A big point of discussion regarding healthy habits for glaucoma has centered on the consumption of coffee. The research is conflicting: Coffee has been shown to increase eye pressure in the short term, but it also provides the benefit of increased blood flow. One or two cups of coffee per day is likely acceptable, but patients with severe glaucoma may want to limit their caffeine intake. 

Environmental Health Recommendation for Glaucoma Patients 

Smoking is a concern for both eye and general health. Cigarettes and cigars contain nicotine, which is associated with elevated eye pressure. Secondhand smoke exposure can produce harmful effects as well, the same is true for vaping and chewing tobacco. In addition, smoking can cause irritation and dry eye. Patients with glaucoma may already experience these side effects from their eye drops, and smoking may exacerbate the problem. 

Long-term lead exposure may be a risk factor for glaucoma. Patients who work or have worked in industries such as painting, toy making, furniture building, jewelry making, cosmetics, food, and plumbing may consider undergoing a blood test to evaluate potential lead exposure. 

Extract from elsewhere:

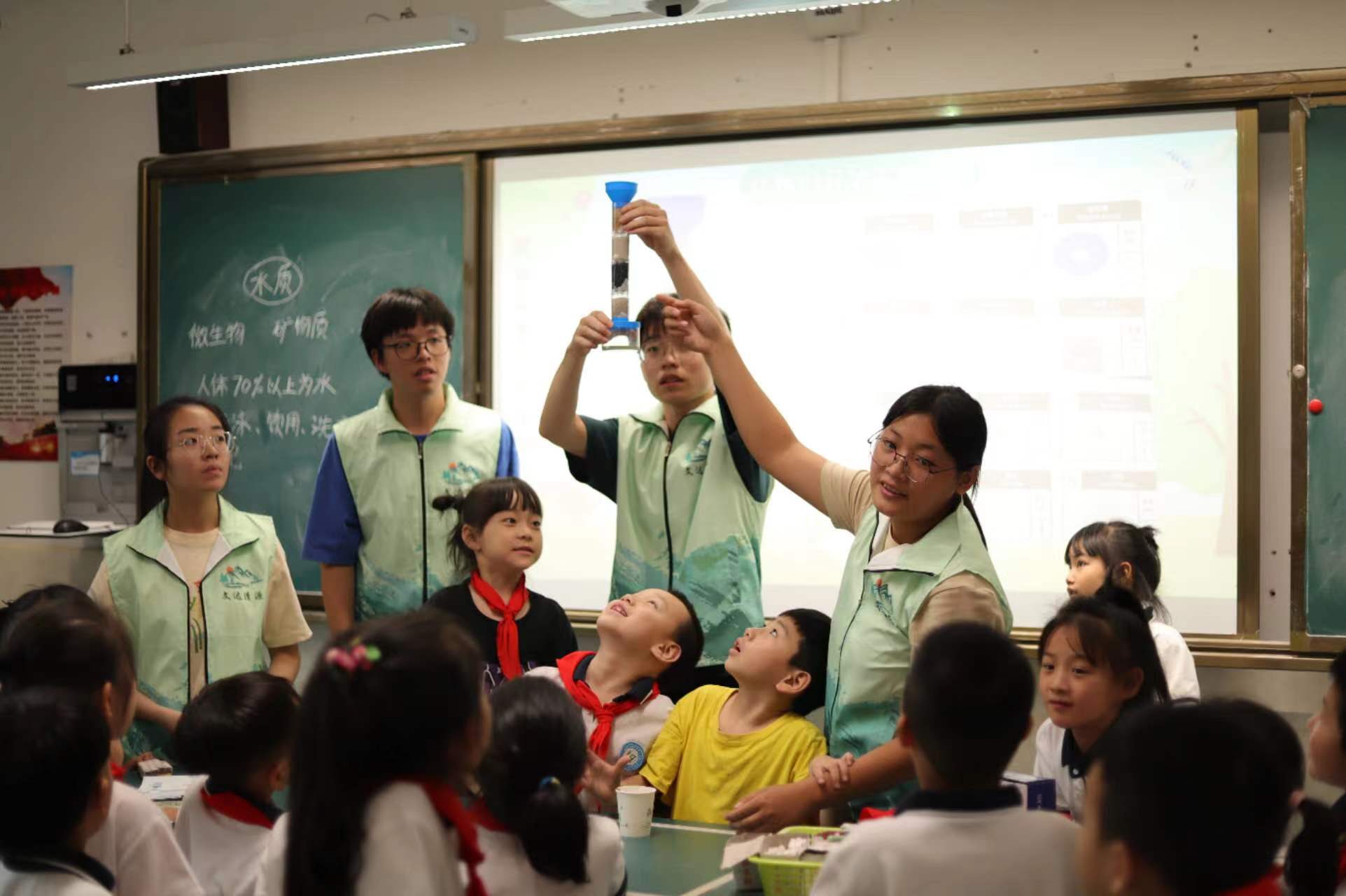 据悉,茶山组带领小朋友进行污水进化实验和开展水质环境保护宣讲课堂以提升孩子们环保意识。

Mental Health Recommendation for Glaucoma Patients 

Mental and emotional well-being are important considerations. Studies of stress and glaucoma are lacking, but evidence suggests that stress and anxiety can increase heart rate and eye pressure. Further, the stress hormone cortisol is known to increase eye pressure. Yoga, breathing exercises, and meditation may all help to increase blood flow and decrease eye pressure. 

With TheknowHow- Second opinion medical, Your Health Matters! 

Your health matters—especially your sight, which no one should take for granted. Glaucoma may be silent, but with regular eye exams, early detection, and simple lifestyle steps like protecting your eyes from injury and managing health conditions, you can take control. Prioritize your vision today; schedule that check-up and spread awareness to keep the “thief of sight” at bay. 

A contribution by Dr. Gabriele Stumm,

@TheKnowHow 

Screen Time and Glaucoma

Staring at screens for long time near to your eyes (especially smartphones) may rise eye pressure on short time. While it is not thought to be a cause of glaucoma, it is not a good companion. Therefore, stick to  

20-20-20 Rule: Every 20 minutes, look at something 20 feet away for 20 seconds. 

Blink Often: blink fully and frequently to keep eyes moist. 

Stay Hydrated & Lubricate: Drink water and use artificial tears if eyes feel dry. 

Take Breaks: Get up and move away from screens regularly. 

Consider Screen Position: Maintain proper distance and avoid low-light environments while using devices (social media watching in bed…).